EXERCISE DATA Start Marker

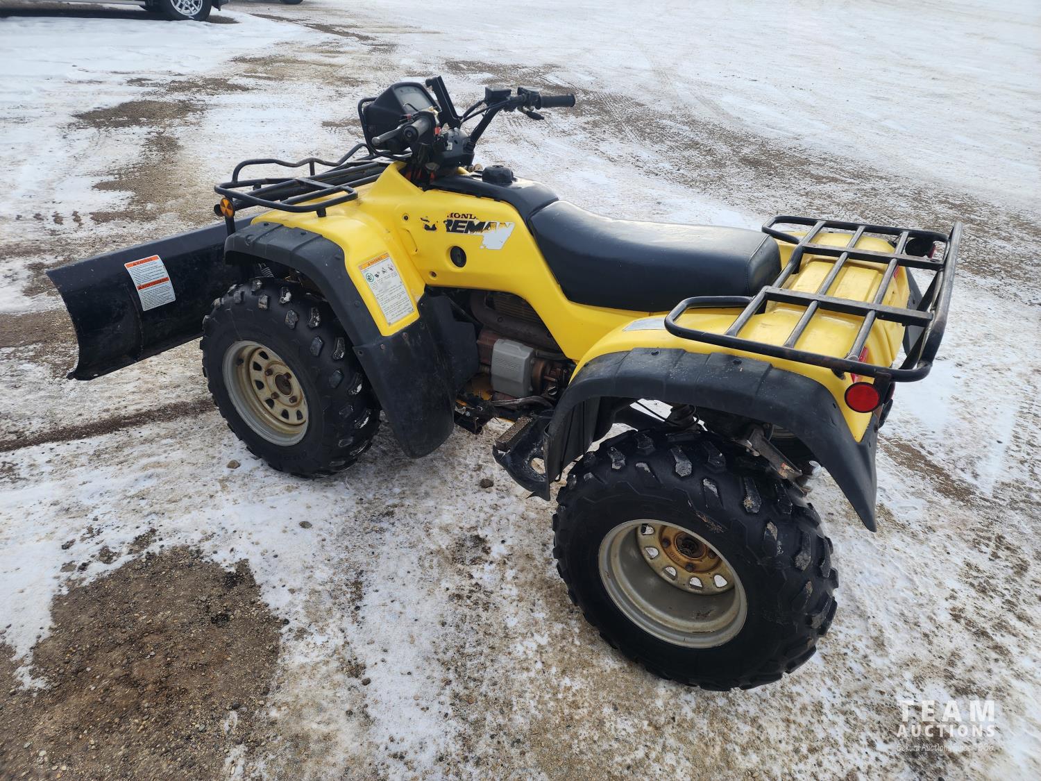 Honda 450 cc engine, standard transmission, electric start, 5 ft blade, front and rear racks, ball hitch, AT25x8-12 front tires, AT25x10-12 rear tires
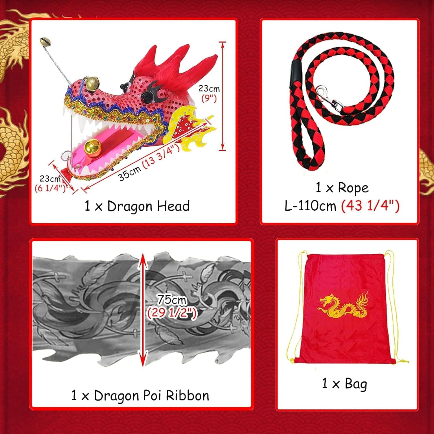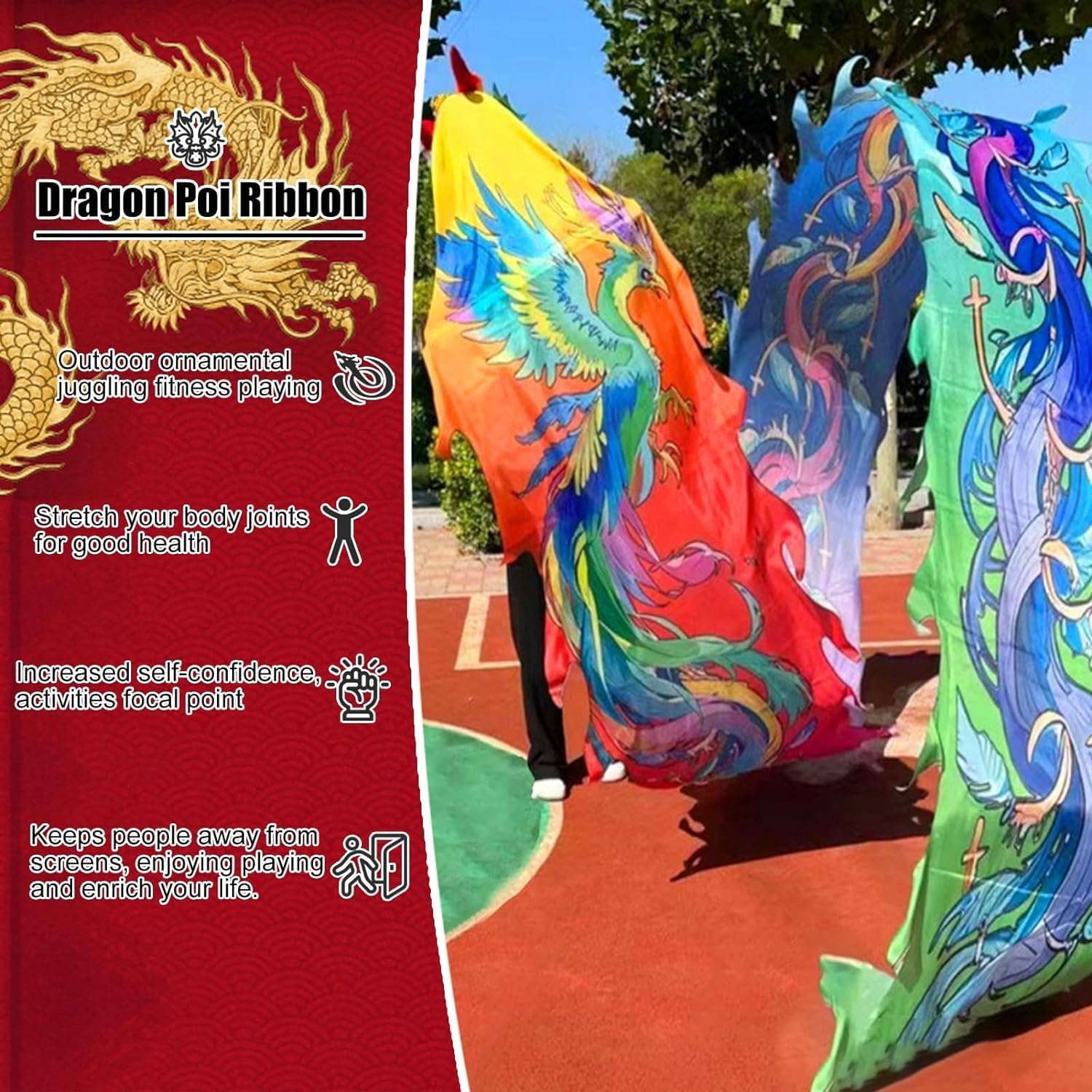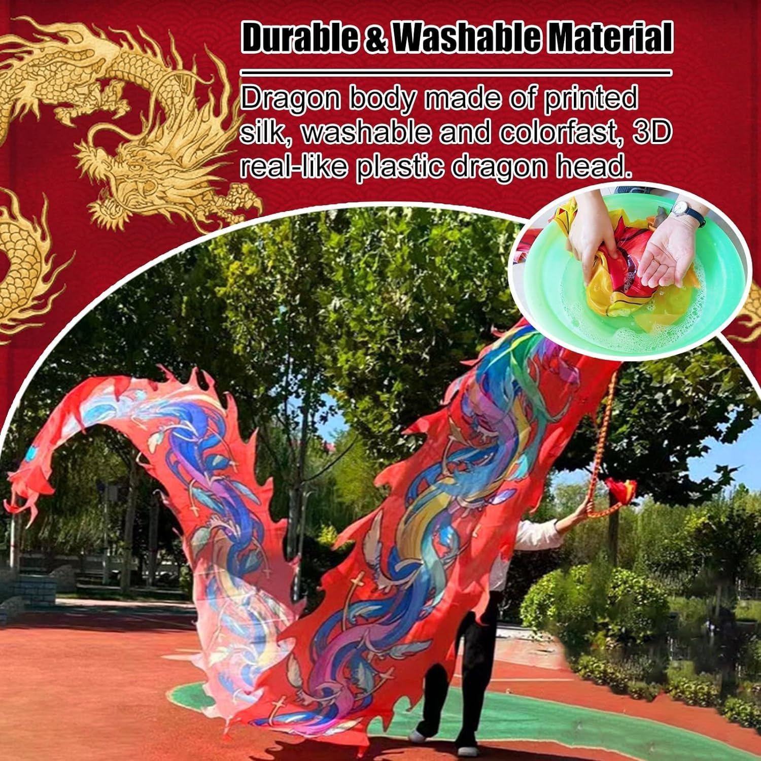 Allenamento della parte superiore e inferiore del corpo Questa è un'attrezzatura tradizionale per il fitness sportivo popolare. Attrezzature tradizionali per il fitness sportivo popolare per attività divertenti come la rotazione del bastone, la danza artistica, la ginnastica, l'esercizio fisico, il circo, i festival per bambini e così via. La combinazione di colori è brillante e realizzata in tessuto di raso di seta. Il tessuto è trattato in modo particolare, il colore è solido e non si stacca. Ottima scelta regalo. Ottimo regalo di compleanno, Natale e vacanze per parenti, genitori, amici e vicini. INSTALLAZIONE FACILE: basta attaccare gli occhielli di metallo alla testa del drago, quindi attaccare il velcro sul corpo del drago e sulla testa del drago a turno, quindi legare il corpo del drago con la corda per completare l'installazione. Gioco fantasioso: puoi ruotare la testa del drago sopra la tua testa e goderti l'effetto tornado dell'acqua che scorre o simulare la sensazione di un giro sulle montagne russe dal punto di vista di un bambino. (Consigliato per giocare in un'area aperta).
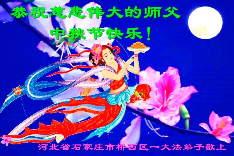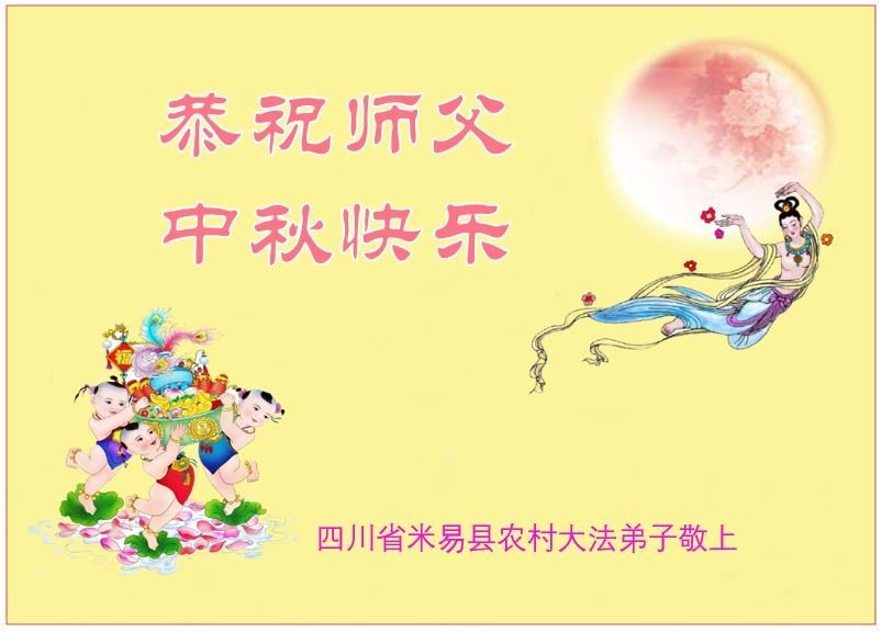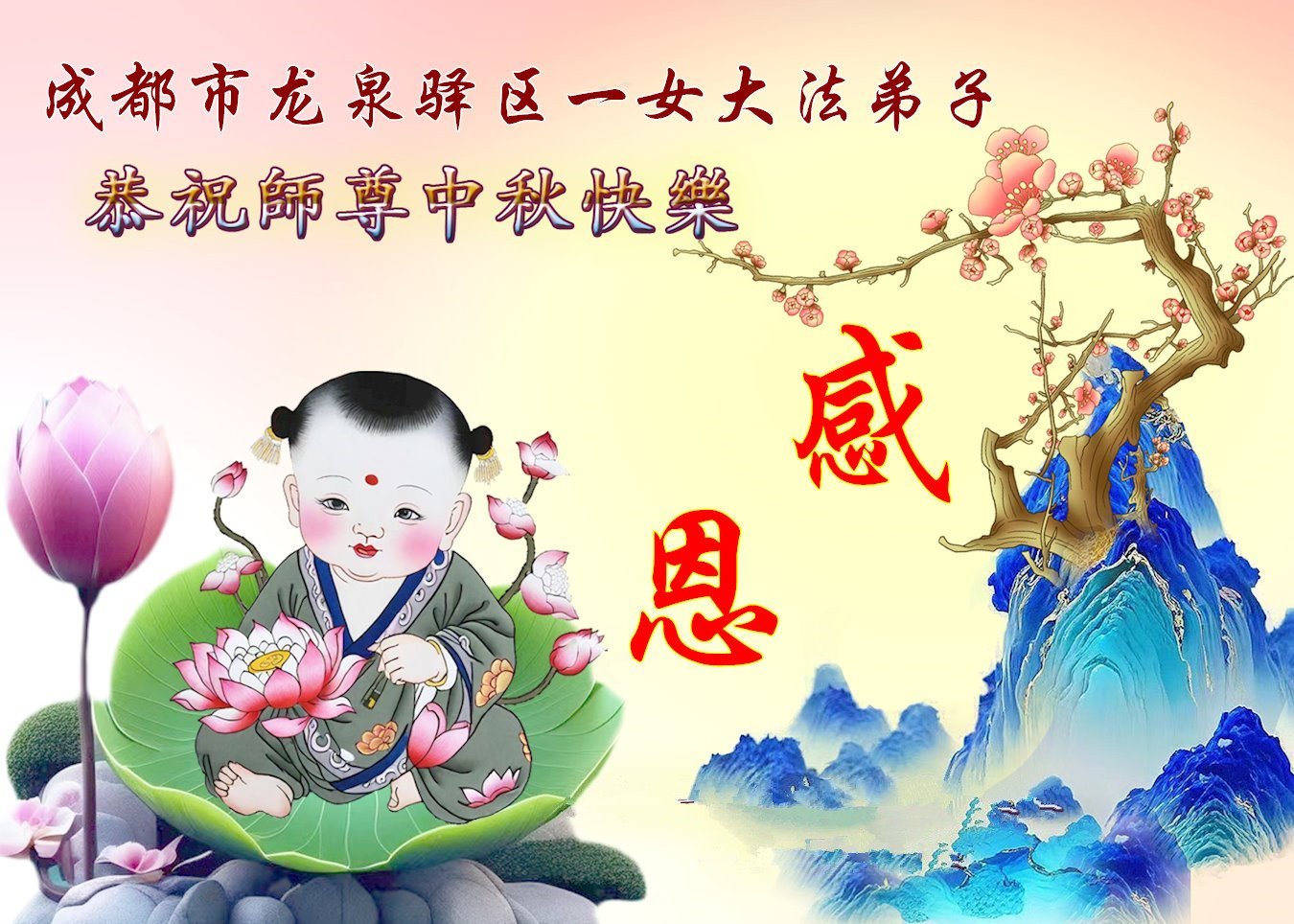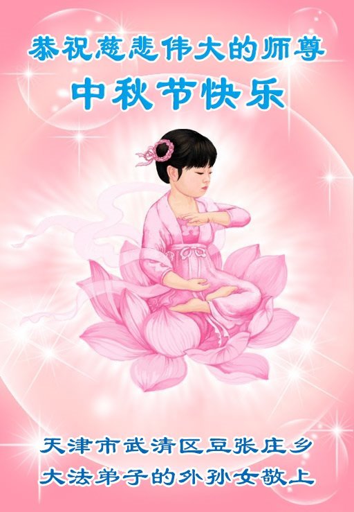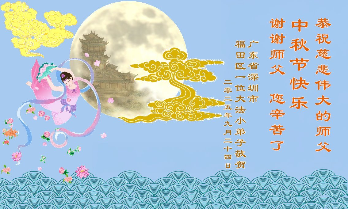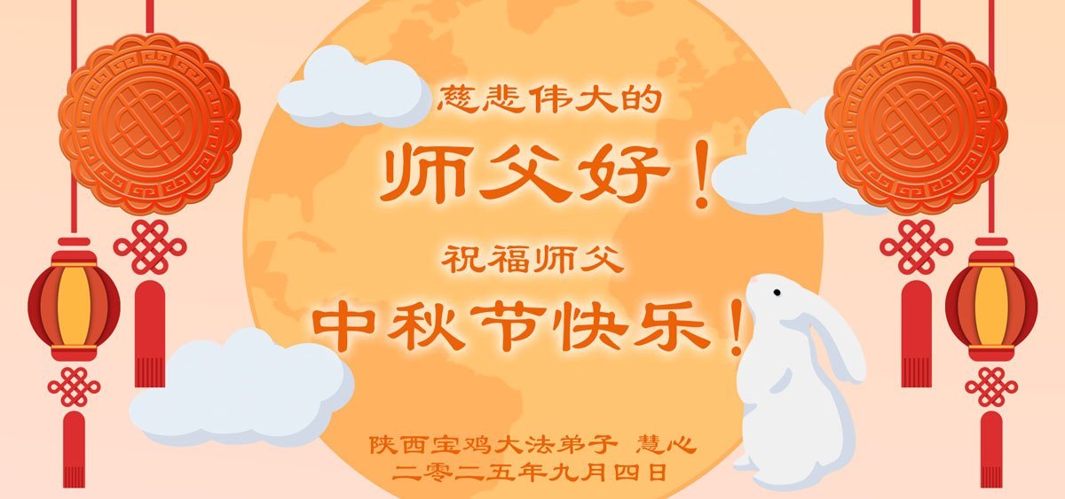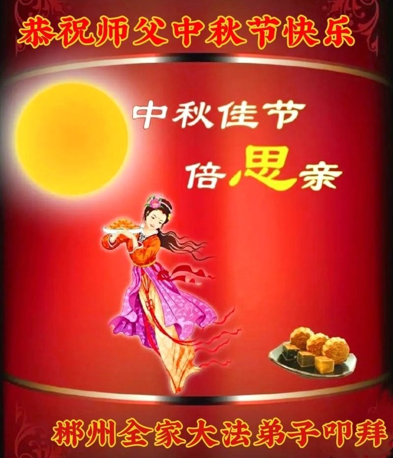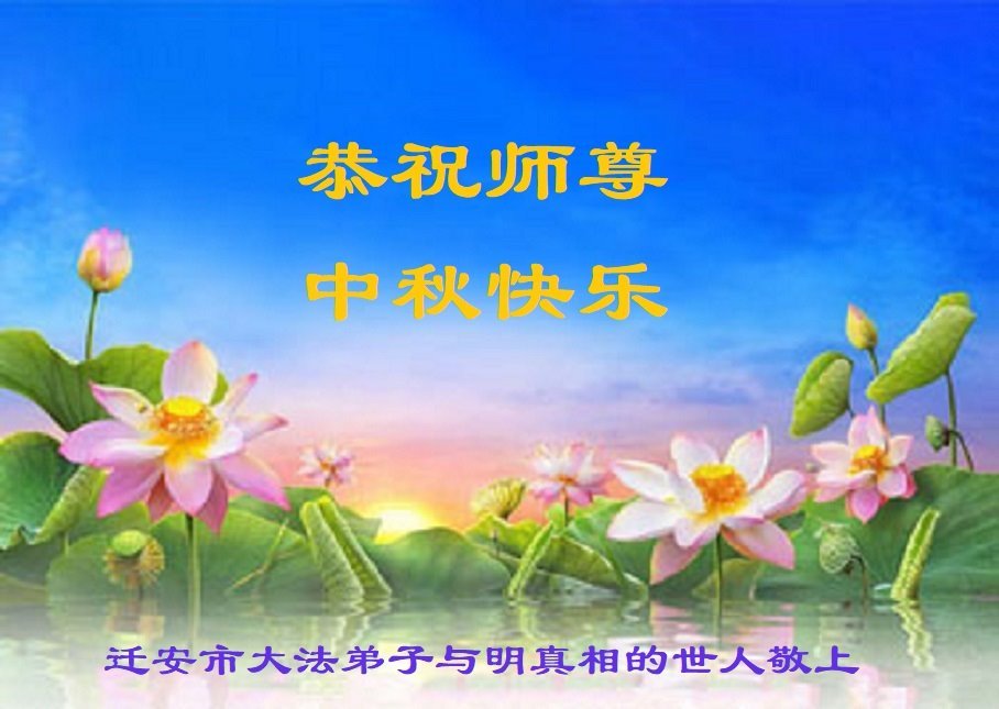 师父,您为众生承受的太多了!为了使大法弟子修炼成熟,为了使更多的众生得救,师父用巨大的付出一再延长时间。作为弟子没有语言表达对师父的感恩,唯有借此中秋佳节之际向伟大的师父问好:师父您辛苦了!我们一定遵照师父教诲,做好三件事,以报师恩!

EXERCISE DATA End Marker

ACTIVITY: Pictures aside, give the data again exactly as it appears.

REPLY TO THE EXERCISE:
 Honda 450 cc engine, standard transmission, electric start, 5 ft blade, front and rear racks, ball hitch, AT25x8-12 front tires, AT25x10-12 rear tires
 Allenamento della parte superiore e inferiore del corpo Questa è un'attrezzatura tradizionale per il fitness sportivo popolare. Attrezzature tradizionali per il fitness sportivo popolare per attività divertenti come la rotazione del bastone, la danza artistica, la ginnastica, l'esercizio fisico, il circo, i festival per bambini e così via. La combinazione di colori è brillante e realizzata in tessuto di raso di seta. Il tessuto è trattato in modo particolare, il colore è solido e non si stacca. Ottima scelta regalo. Ottimo regalo di compleanno, Natale e vacanze per parenti, genitori, amici e vicini. INSTALLAZIONE FACILE: basta attaccare gli occhielli di metallo alla testa del drago, quindi attaccare il velcro sul corpo del drago e sulla testa del drago a turno, quindi legare il corpo del drago con la corda per completare l'installazione. Gioco fantasioso: puoi ruotare la testa del drago sopra la tua testa e goderti l'effetto tornado dell'acqua che scorre o simulare la sensazione di un giro sulle montagne russe dal punto di vista di un bambino. (Consigliato per giocare in un'area aperta).
 师父,您为众生承受的太多了!为了使大法弟子修炼成熟,为了使更多的众生得救,师父用巨大的付出一再延长时间。作为弟子没有语言表达对师父的感恩,唯有借此中秋佳节之际向伟大的师父问好:师父您辛苦了!我们一定遵照师父教诲,做好三件事,以报师恩!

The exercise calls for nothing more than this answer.